Jahresbericht 2022 der EU-Vertretung in Brüssel

Das Jahr 2022 war aus europäischer Sicht, wie leider auch schon die letzten Jahre, durch viele Krisen geprägt: Neben dem in der Ukraine herrschenden Krieg und der dadurch ausgelösten Energiekrise wurden die Menschen immer noch mit den anhaltenden Nachwirkungen der Covid-19-Pandemie konfrontiert.

Im Bereich der Sozialpolitik wurden auf EU-Ebene aber trotz allen Herausforderungen wichtige Erfolge erzielt. So wurde in 2022 beispielsweise eine Richtlinie verabschiedet, mit der angemessene gesetzliche Mindestlöhne in der EU gefördert werden und auch die Europäische Pflegestrategie mit ihren Empfehlungen zur Langzeitpflege sowie zur frühkindlichen Betreuung, Bildung und Erziehung wurde durch die EU-Mitgliedsstaaten angenommen.

 

Die EU-Vertretung der Bundesarbeits-gemeinschaft der Freien Wohlfahrtspflege e.V. (BAGFW) stand im Rahmen dieser und weiterer sozialpolitischen Entwicklungen stets mit einer Vielzahl von Vertreter:innen der EU-Institutionen in Kontakt.
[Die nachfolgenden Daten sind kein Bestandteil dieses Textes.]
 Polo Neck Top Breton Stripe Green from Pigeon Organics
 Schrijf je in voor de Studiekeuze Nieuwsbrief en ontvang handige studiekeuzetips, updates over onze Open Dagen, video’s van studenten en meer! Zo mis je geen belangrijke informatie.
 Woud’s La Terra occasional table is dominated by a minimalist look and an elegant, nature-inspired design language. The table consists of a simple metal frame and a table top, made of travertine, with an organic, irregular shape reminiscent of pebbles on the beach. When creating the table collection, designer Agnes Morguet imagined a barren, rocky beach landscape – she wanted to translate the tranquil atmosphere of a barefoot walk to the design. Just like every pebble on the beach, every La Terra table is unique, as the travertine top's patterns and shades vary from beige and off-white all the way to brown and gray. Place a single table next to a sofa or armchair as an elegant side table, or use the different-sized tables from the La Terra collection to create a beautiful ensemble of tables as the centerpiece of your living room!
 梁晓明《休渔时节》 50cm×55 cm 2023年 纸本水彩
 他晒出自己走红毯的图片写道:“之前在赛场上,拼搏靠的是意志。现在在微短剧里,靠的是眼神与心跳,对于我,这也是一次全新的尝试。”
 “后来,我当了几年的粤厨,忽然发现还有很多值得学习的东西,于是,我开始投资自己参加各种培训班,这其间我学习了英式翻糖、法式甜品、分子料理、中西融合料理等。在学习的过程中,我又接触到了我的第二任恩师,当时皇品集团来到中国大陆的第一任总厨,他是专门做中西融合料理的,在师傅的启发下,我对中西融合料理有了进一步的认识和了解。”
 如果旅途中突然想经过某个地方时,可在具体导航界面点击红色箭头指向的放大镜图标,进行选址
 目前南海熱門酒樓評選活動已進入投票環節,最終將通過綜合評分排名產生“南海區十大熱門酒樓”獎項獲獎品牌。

Bei der ganztägigen Veranstaltung im Rahmen der BAGFW-Mitgliederversammlung am 31. Mai 2022 in Brüssel, wurde u. a. mit Nicolas Schmit, EU-Kommissar für Beschäftigung und soziale Rechte, und der stellvertretenden Generaldirektorin für Migration und Inneres der EU-Kommission, Beate Gminder, über das neue EU-Migrations- und Asylpaket vor dem Hintergrund des bemerkenswerten Umgangs mit Geflüchteten aus der Ukraine diskutiert. Dabei konnte die BAGFW dank eines Positionspapiers gemeinsame Erwartungen der Freien Wohlfahrtspflege an das europäische Asylsystem vorstellen.
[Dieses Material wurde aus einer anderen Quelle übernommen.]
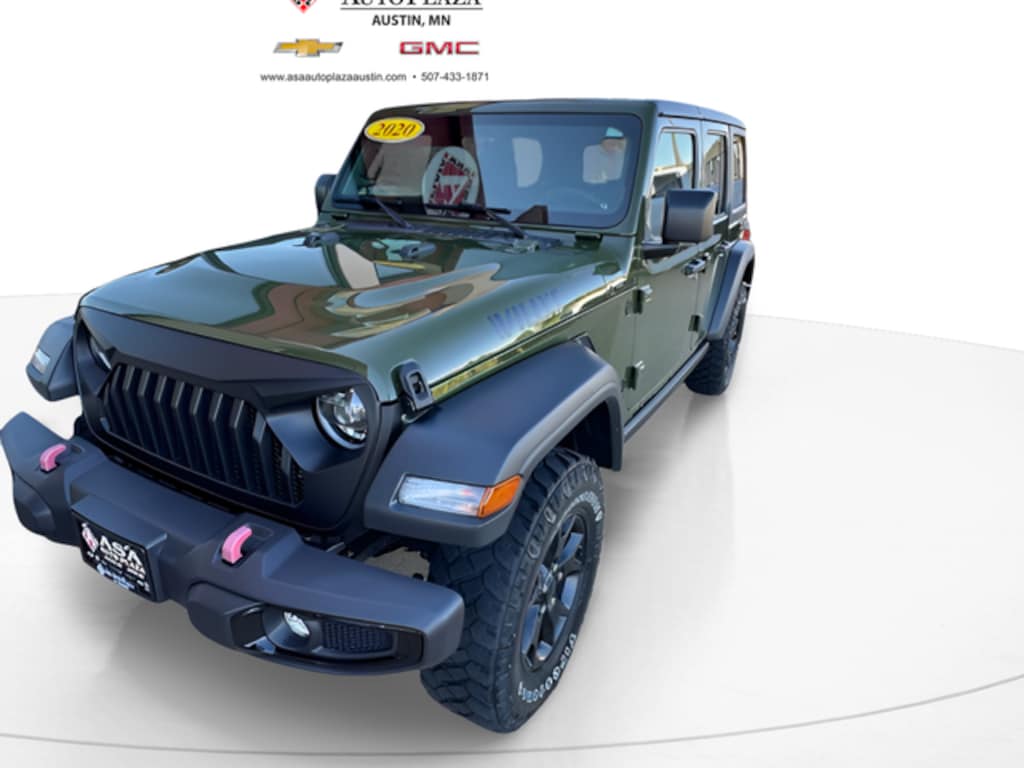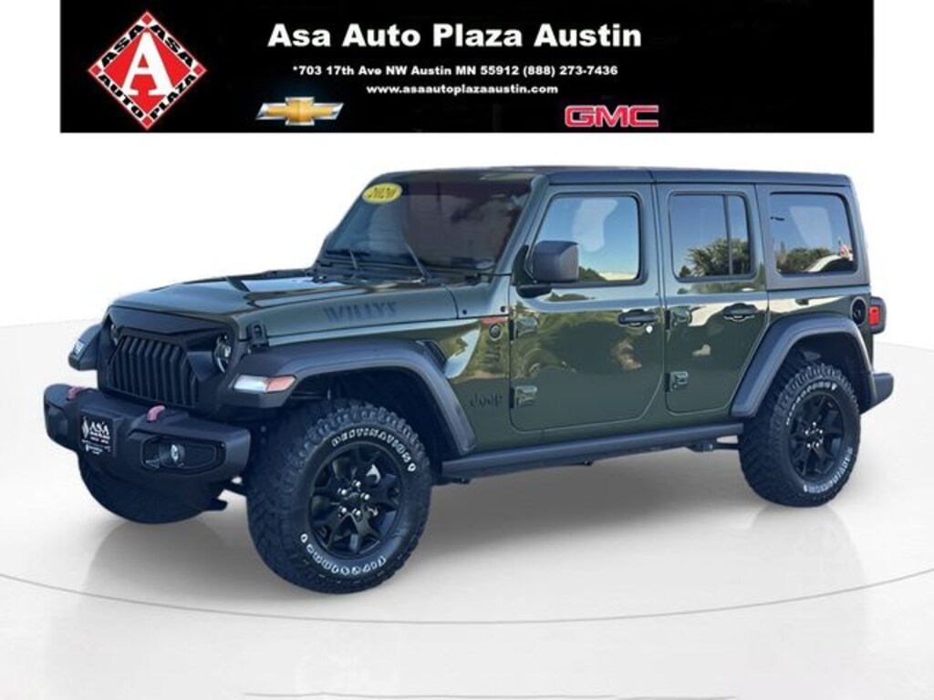 Pure adventure awaits you in this 2020 Jeep Wrangler Unlimited Willys 4WD in pristine Sarge Green Clearcoat with 8-Speed Automatic and capable 3.6L V6 24V VVT. Adventure wrapped in steel with a mud-slinging attitude! This Wrangler Unlimited Willys takes Jeep's legendary off-road heritage and adds a dose of "throw it at me, Mother Nature, I'm ready" spirit! This is a tribute to to the original military Willys that started it all. 17" glossy wheels, chunky off-road tires, bold "Willys" badging, high clearance fenders & rock rails, Rubicon shocks, and still delivers a smooth daily-driver feel. Pop off the doors, fold down the windshield and suddenly you're in an outdoor movie, starring you and the wind! Equal parts nostalgic and unstoppable. It's not just an vehicle, it's a JEEP THING! PLUS Asa Perks at NO CHARGE to YOU! Check out Asa Perks in slide #2 or call us today to learn more about the many free benefits of Asa Perks! (507)433-1871 Asa Auto Plaza of Austin-Your Hometown Family Dealership! Proud to be AUSTIN STRONG!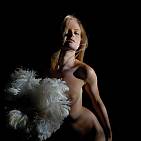 La blonde jeune fille danse avec son plumeau.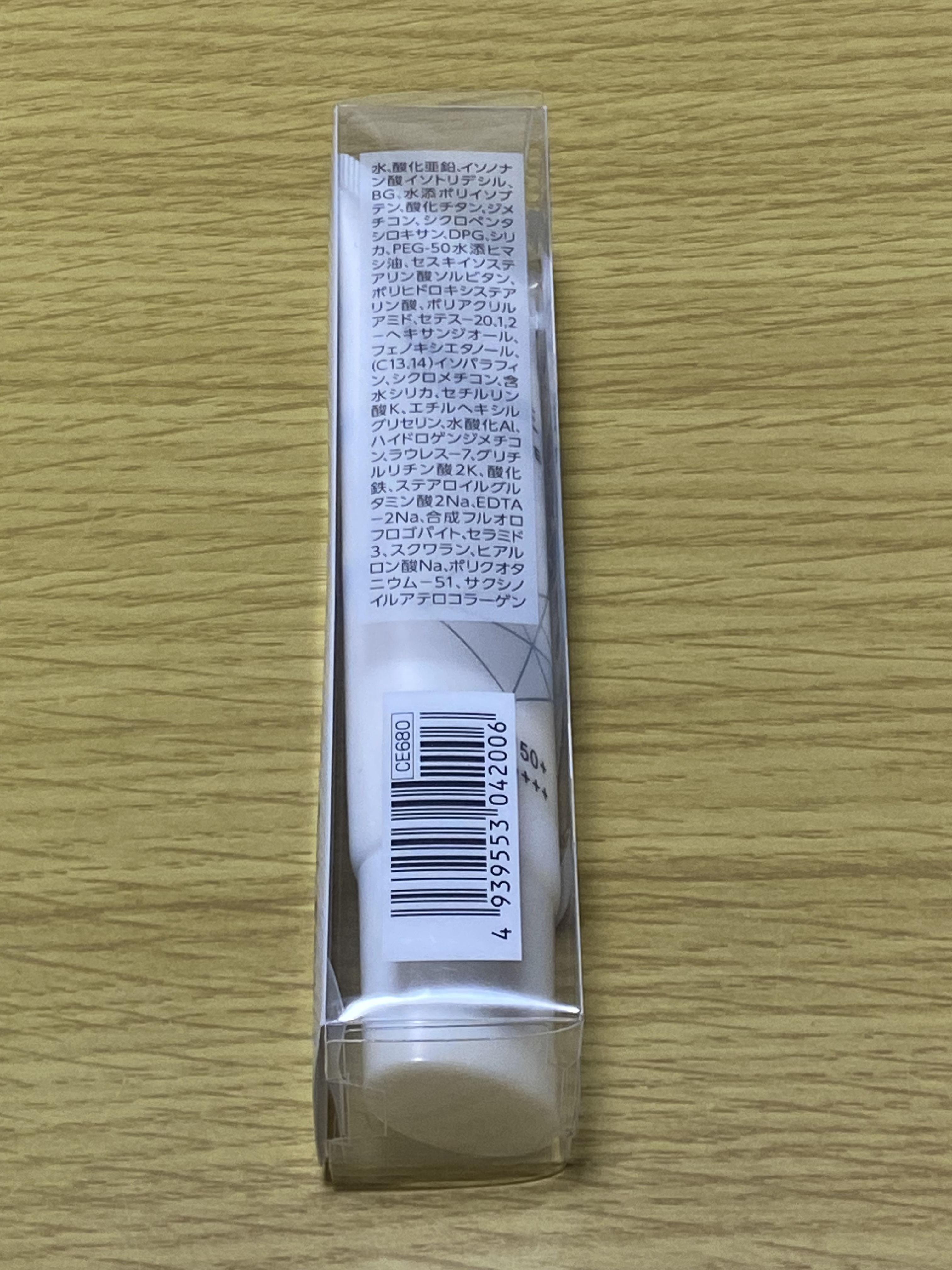 - <ホワイト> 水、酸化亜鉛、イソノナン酸イソトリデシル、BG、水添ポリイソブテン、酸化チタン、ジメチコン、シクロペンタシロキサン、DPG、シリカ、PEG-50水添ヒマシ油、セスキイソステアリン酸ソルビタン、ポリヒドロキシステアリン酸、ポリアクリルアミド、セテス-20、1,2-ヘキサンジオール、フェノキシエタノール、(C13,14)イソパラフィン、シクロメチコン、含水シリカ、セチルリン酸K、エチルヘキシルグリセリン、水酸化Al、ハイドロゲンジメチコン、ラウレス-7、グリチルリチン酸2K、酸化鉄、ステアロイルグルタミン酸2Na、EDTA-2Na、合成フルオロフロゴパイト、セラミド3、スクワラン、ヒアルロン酸Na、ポリクオタニウム-51、サクシノイルアテロコラーゲン <ピンク> 水、酸化亜鉛、イソノナン酸イソトリデシル、BG、水添ポリイソブテン、酸化チタン、ジメチコン、シクロペンタシロキサン、DPG、ヒアルロン酸Na、セラミド3、サクシノイルアテロコラーゲン、ポリクオタニウム-51、スクワラン、合成フルオロフロゴパイト、シリカ、PEG-50水添ヒマシ油、セスキイソステアリン酸ソルビタン、ポリヒドロキシステアリン酸、ポリアクリルアミド、セテス-20、(C13,14)イソパラフィン、シクロメチコン、含水シリカ、セチルリン酸K、酸化鉄、水酸化Al、ハイドロゲンジメチコン、ラウレス-7、グリチルリチン酸2K、ステアロイルグルタミン酸2Na、EDTA-2Na、エチルヘキシルグリセリン、1,2-ヘキサンジオール、フェノキシエタノール

Über das Jahr verteilt beteiligte sich die EU-Vertretung an einer Vielzahl von Konsultationen der EU-Kommission, wie beispielsweise an der Weiterentwicklung des EU-Beihilfenrechts, welches für die Freie Wohlfahrtspflege von großer Bedeutung ist. Auf den Vorschlag des EU-Parlaments für eine Gesetzgebungsinitiative zu grenzüberschreitenden Tätigkeiten von Vereinen, den in EU-Kreisen sogenannte „Lagodinsky-Bericht“, wurde im Oktober 2022 mit einer ausführlichen Stellungnahme reagiert. Ebenso betonte die BAGFW in einer Konsultation der EU-Kommission zur europäischen Sozialwirtschaft die entscheidende Rolle der Freien Wohlfahrtspflege für die Erbringung sozialer Dienstleistungen.

Am 28. September 2022 veröffentlichte die EU-Kommission einen Vorschlag für eine Ratsempfehlung für ein angemessenes Mindesteinkommen zur Gewährleistung einer aktiven Inklusion. Die BAGFW veröffentlichte zu diesem Vorschlag im November eine Stellungnahme. Auch die Verhandlungen des Vorschlags wurden von der BAGFW kontinuierlich begleitet. Einen Tag vor Abschluss der Verhandlungen im Rat der EU für Beschäftigung, Sozialpolitik, Gesundheit und Verbraucherschutz (EPSCO) wiederholte die BAGFW ihre Forderung nach einer armutsfesten Existenzsicherung in der gesamten EU in einer Pressemeldung. Insbesondere plädierte die BAGFW dafür rechtsverbindliche Regelungen zum Mindesteinkommen zu schaffen: Aufbauend auf der Ratsempfehlung sei eine EU-Rahmenrichtlinie anzustreben.

Im Jahr 2023 blickt die EU-Vertretung der BAGFW gespannt auf die kommenden sozialpolitischen Entwicklungen, sowohl auf EU-Ebene, als auch innerhalb der 27 Mitgliedsstaaten. Obwohl es manchmal so scheint als würde der soziale Fortschritt nur schleichend vorangehen, sind die Erfolge der EU in der Sozialpolitik des letzten Jahres ein deutliches Zeichen dafür, dass ein soziales Europa möglich ist. Die Europäische Säule sozialer Rechte muss in den kommenden Jahren weiter national umgesetzt werden, um soziale Rechte in allen EU-Staaten zu garantieren.